In March 2016, the East African Community (EAC)—comprising Uganda, Kenya, Tanzania, Rwanda, and Burundi—proposed a ban on the importation of second-hand clothes. This initiative was part of a broader strategy to revive and protect local textile and leather industries, encouraging production with locally sourced materials from within member countries. The ban, set for implementation by 2019, aimed to address the challenges posed by inexpensive second-hand clothes, which made it difficult for local textile factories and self-employed tailors to compete.
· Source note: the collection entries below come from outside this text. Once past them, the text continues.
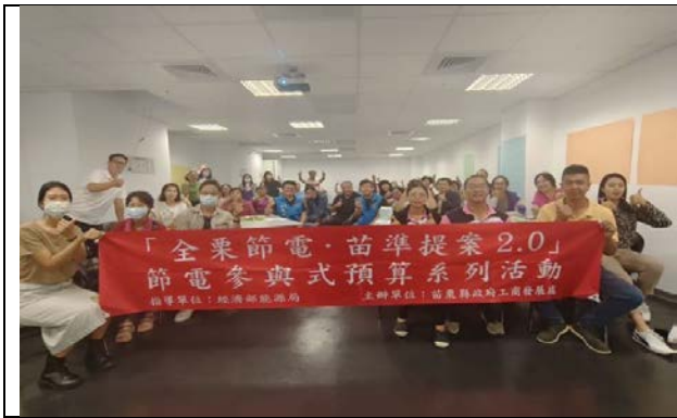
112 年度「節電參與式預算」活動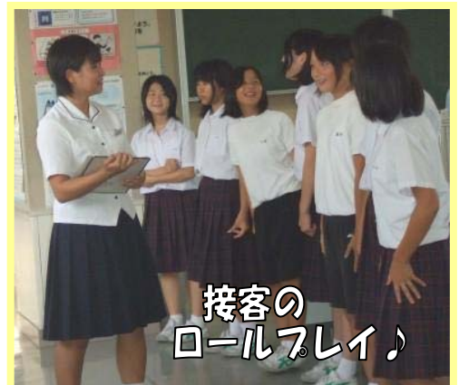
接客の ロールプレイ♪

この日学んだことは、ビジネスだけではなく、普段の生活の中でもすぐに生かしていけそうです。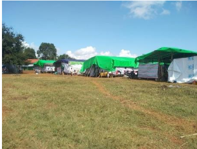
ကျောက်မဲစစ်ရှောင်စခန်း

သျှမ်းပြည်မြောက်ပိုင်း ကျောက်မဲမြို့ သျှမ်းစာပေ နှင့် ယဉ်ကျေးမှုကျောင်းအတွင်းရှိ စစ်ဘေးရှောင်များ စစ်ကောင်စီမှ နေရပ်ပြန်ရန် ထပ်မံဖိအားပေးပြီးနောက် စစ်ရှောင်များသည် မြို့ပေါ်သို့ အိမ်ငှားနေထိုင်ရန် ဆုံးဖြတ်ခဲ့ကြောင်း စုံစမ်းသိရှိရသည်။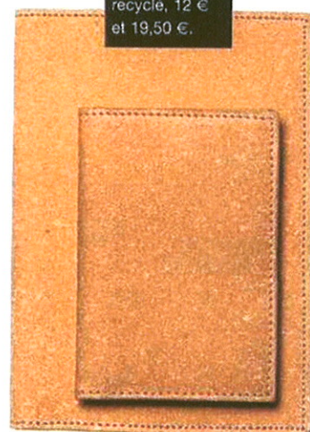
Muji Porte-cartes et porte-feuille en cuir recyclé, 12 € et 19,50 €.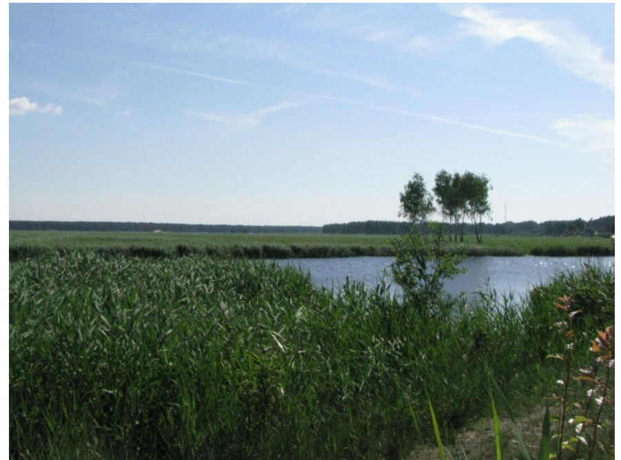
Skats uz Lielupes grīvas pļavām no Tiklu ielas apkārtnes Bulluciemā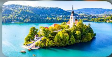
โบสถ์พระแม่มาเรียแห่งเบลค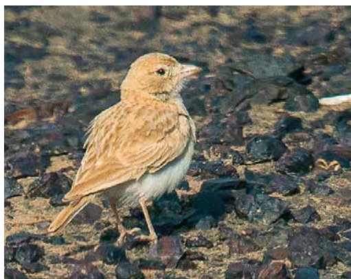
219 Red-footed Booby / Roodpootgent Sula sula , adult, Raso, Cape Verde Islands, 24 April 2019 ( Daniel López-Velasco ) 220 Black-winged Kite / Grijze Wouw Elanus caeruleus , Kondratowice, Dolnośląskie, Poland, 12 April 2019 ( Krzysztof Ostrowski ) 221 Black Heron / Zwarte Reiger Egretta ardesiaca , Santiago, Cape Verde Islands, 28 April 2019 ( Daniel López-Velasco ) 222 Belted Kingfisher / Bandijsvogel Megasceryle alcyon , female, Varmá river, Mosfellsbær, Iceland, 10 April 2019 ( Guðmundur Falk ) 223 Mourning Dove / Treurduif Zenaida macroura , North Ronaldsay, Orkney, Scotland, 29 April 2019 ( Toby Green ) 224 African Dunn's Lark / Afrikaanse Dunns Leeuwerik Eremalauda dunnii dunnii , Dayet Srij, Merzouga, Morocco, 2 April 2019 ( Arnaud B van den Berg )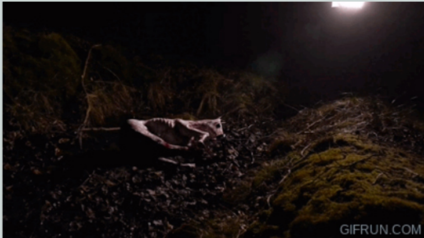
Anetha x UFO95 - Wet For It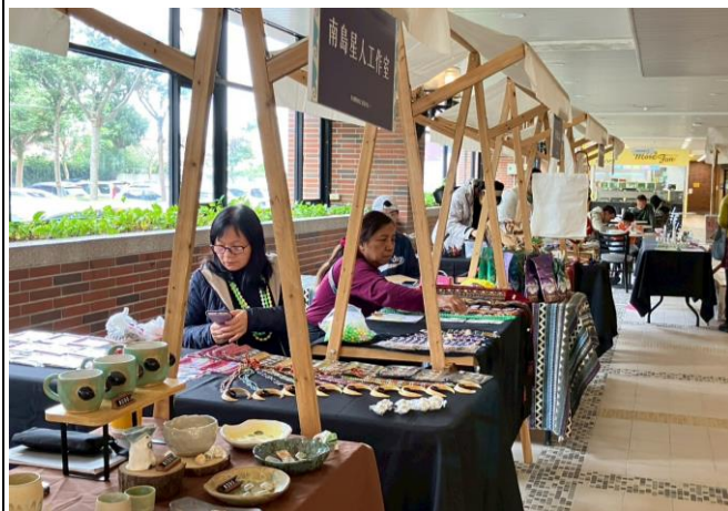
半山腰的約定-部落市集(一)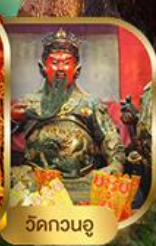
วัดกวนอู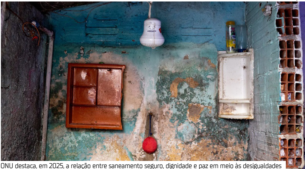
ONU destaca, em 2025, a relação entre saneamento seguro, dignidade e paz em meio às desigualdades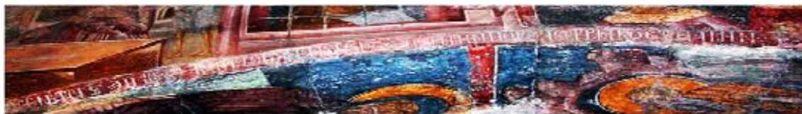
Εικ. 14. Βαλσαμόνερο, Μονή Αγίου Φανουρίου. Επιγραφή στο κλίτος του Αγίου Ιωάννη Προδρόμου με τοιχογραφίες του 1428.

Στο εκπονούμενο πρόγραμμα θα αποσαφηνιστεί η εικαστική μετουσίωση θεολογικών-φιλοσοφικών πεποιθήσεων και θα διαλευκανθούν ζητήματα υπό συζήτηση στη σύγχρονη έρευνα. Πέρα από τη διαλογή και ανάλυση των αρχειακών και αρχαιολογικών δεδομένων σε συστοιχία με τις διαφορετικές φάσεις δόμησης και τοιχογράφησης του μνημείου, θα ήθελα να επισημάνω και πάλι την εικονολογία του διακόσμου. Η ερμηνεία του, όπως έδειξε το παράδειγμα της τρικέφαλης Αγίας Τριάδας, υπόσχεται διαφοροποιημένα και ασφαλέστερα συμπεράσματα.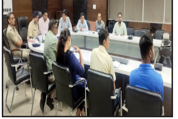
વાગ્ચે શેઠ પી ટી આર્ટસ એન્ડ સાયન્સ કોલેજ ખાતે જિલ્લા કક્ષાનો કોલેજ/યુનિવર્સિટી ગેમ્સ, ૧૩ સપ્ટેમ્બરના રોજ સવારે ૯.૩૦

ગોધરા, ૩૬મી નેશનલ ગેમ્સના કરાચેલા આયોજનના ભાગરૂપે જિલ્લા કક્ષાએ નેશનલ ગેમ્સ અંગે હાથ ધરાયેલા જાગૃતિ અભિયાનના ભાગરૂપે પંચમહાલ જિલ્લામાં ૧૨મી સપ્ટેમ્બરથી ૧૬ મી સપ્ટેમ્બર, ૨૦૨૨ સુધી પંચમહાલ જિલ્લાની કુલ ૧૮૪૩ શાળાઓ જેમાં ૧૫૨૫ પ્રાથમિક શાળાઓ અને ૩૧૮ માધ્યમિક અને ઉચ્ચતર માધ્યમિક શાળાઓ તથા ૩૪ કોલેજોમાં વિવિધ રમતોના આયોજન અને જાગૃતિ અભિયાન અંતર્ગત કેમ્પેઈન ચોજાશે.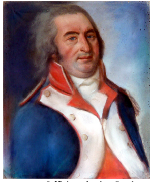
J.169.1521 Officier de la Garde nationale, pstl, 58x47 (PC 2018) [attr.] φα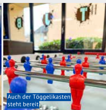
Auch der Töggelikasten steht bereit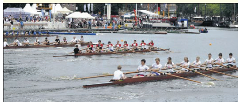
Lauf 4 von 5 im Hans Heinrich-Schulte Cup: In der Mitte der Achter des Emdener Rudervereins.

Emder Ruderverein 01:11,35 Bremer Sport-Club 01:12,89 Ruderverein Leer 01:18,94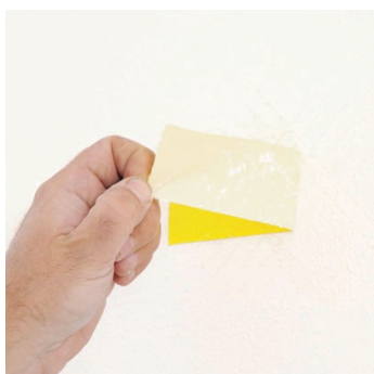
Obr.1 Příp. zkouška přídržnosti podkladních vrstev.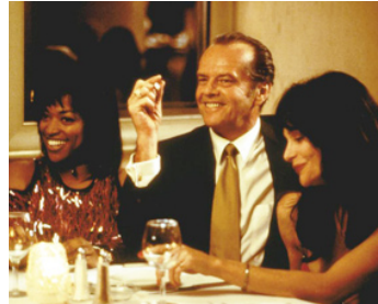
1995 CROSSING GUARD (The Crossing Guard) de Sean Penn avec Kellita Smith, Priscilla Barnes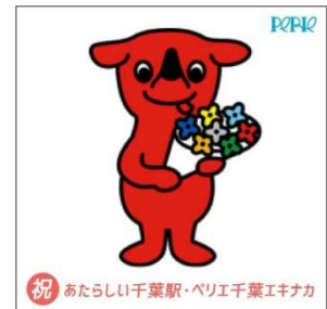
チーバくんフラッグ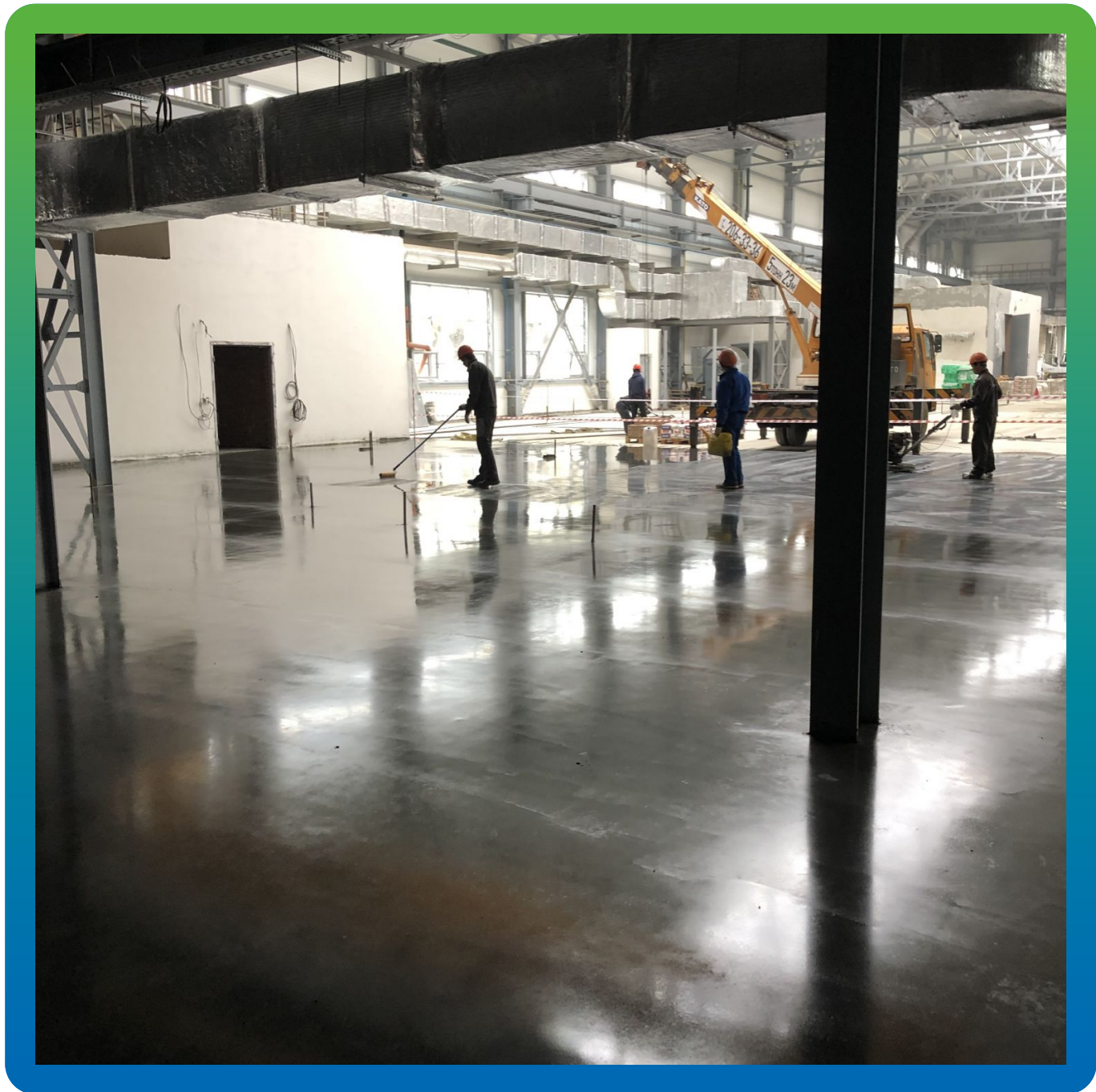
Нанесение средства для ухода за топпингами - кюринга Маногард Топ 120

However, the United States warned that this proposed ban would violate the African Growth and Opportunity Act (AGOA), a trade agreement that grants Sub-Saharan African countries duty-free access to the U.S. market. Faced with the threat of losing these trade privileges, most EAC nations withdrew their plans. Uganda and Tanzania dropped the ban to maintain their AGOA benefits, while Rwanda stood firm and faced partial suspension of its AGOA privileges as a consequence.
This scenario exemplifies the systemic economic imbalance between the Global North and South, where powerful nations leverage economic agreements to dictate trade policies. By threatening to withdraw trade benefits, the U.S. coerced East African nations into continuing the import of second-hand clothes, effectively stifling the growth of local industries and perpetuating economic dependency.